Mikrofon BoomBricka pozwala również używać go jako zestawu głośnomówiącego do odbierania przychodzących telefonów, połączeń audio Facetime lub Skype. Nie wypróbowałem, jak dźwięk dociera do rozmówcy.
Wniosek: dźwięk ładowanego głośnika BT firmy Olixar
Jak zawsze, decydującym kryterium dla systemów głośnikowych jest dźwięk. Zostawmy właściwie operację i funkcje prawie wszystkie głośniki BT żadne życzenia nie zostały niespełnione. Z reguły prawie każdy ma opcję głośnomówiącą. Jeśli chodzi o dźwięk i cenę, gusta są jednak różne. Oczywiście nie można oczekiwać dźwięku z BoomBrick, który wytwarza głośnik BT za 200 EUR. Różnica w cenie, a co za tym idzie jakość użytych materiałów są na to po prostu zbyt różne. Z tego powodu moim zdaniem nie odbiera dźwięku Jawbone duży Jambox zbliżać się. Z innymi tańszymi pudełkami Bluetooth, takimi jak Mobilny wzmacniacz Terratec Jednak BoomBrick z pewnością może konkurować.

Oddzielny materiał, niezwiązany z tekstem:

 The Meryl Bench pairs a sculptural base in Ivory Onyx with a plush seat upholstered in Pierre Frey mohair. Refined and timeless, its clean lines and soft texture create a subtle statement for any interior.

Z mojego punktu widzenia skrzynka Bluetooth dobrze nadaje się do zraszacza muzycznego na mniejszą skalę. Na biurku, w łazience czy w kuchni w pełni spełnia swoje zadanie. Na imprezie w ogrodzie, gdzie ludzie rozmawiają głośniej, powinna już osiągnąć swoje granice, ponieważ po prostu nie zapewnia wystarczającej ilości basów przy wyższych głośnościach. Nie jest to jednak problem przy mniejszych ilościach. W sumie, moim zdaniem, dobry stosunek jakości do ceny.

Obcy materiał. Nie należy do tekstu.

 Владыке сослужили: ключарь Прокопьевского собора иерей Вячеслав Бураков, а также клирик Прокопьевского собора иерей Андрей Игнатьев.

Moja (droga) alternatywna wskazówka dla lepszego dźwięku
Jeśli rzeczywiście potrzebujesz głośników z mocniejszym basem i większą głośnością, powinieneś rozejrzeć się za droższymi modelami, które mogą być również nieco większe. Moja rada dla ludzi, którzy nie przywiązują zbytniej wagi do pieniędzy i są gotowi zainwestować trochę więcej w dobry dźwięk: Głośnik Bose Sound Link III. Jest nieco większy, kosztuje około 250 euro i ma oszałamiający dźwięk, którego po prostu nie spodziewałbyś się po systemie tej wielkości. Powinno wystarczyć również na małe przyjęcia w ogrodzie. :)
Related Stories
Jens prowadzi bloga od 2012 roku. Pełni rolę Sir Apfelot dla swoich czytelników i pomaga im w problemach natury technicznej. W wolnych chwilach jeździ na elektrycznych monocyklach, robi zdjęcia (najlepiej iPhonem oczywiście), wspina się po górach Hesji lub wędruje z rodziną. Jego artykuły dotyczą produktów Apple, nowości ze świata dronów czy rozwiązań aktualnych błędów.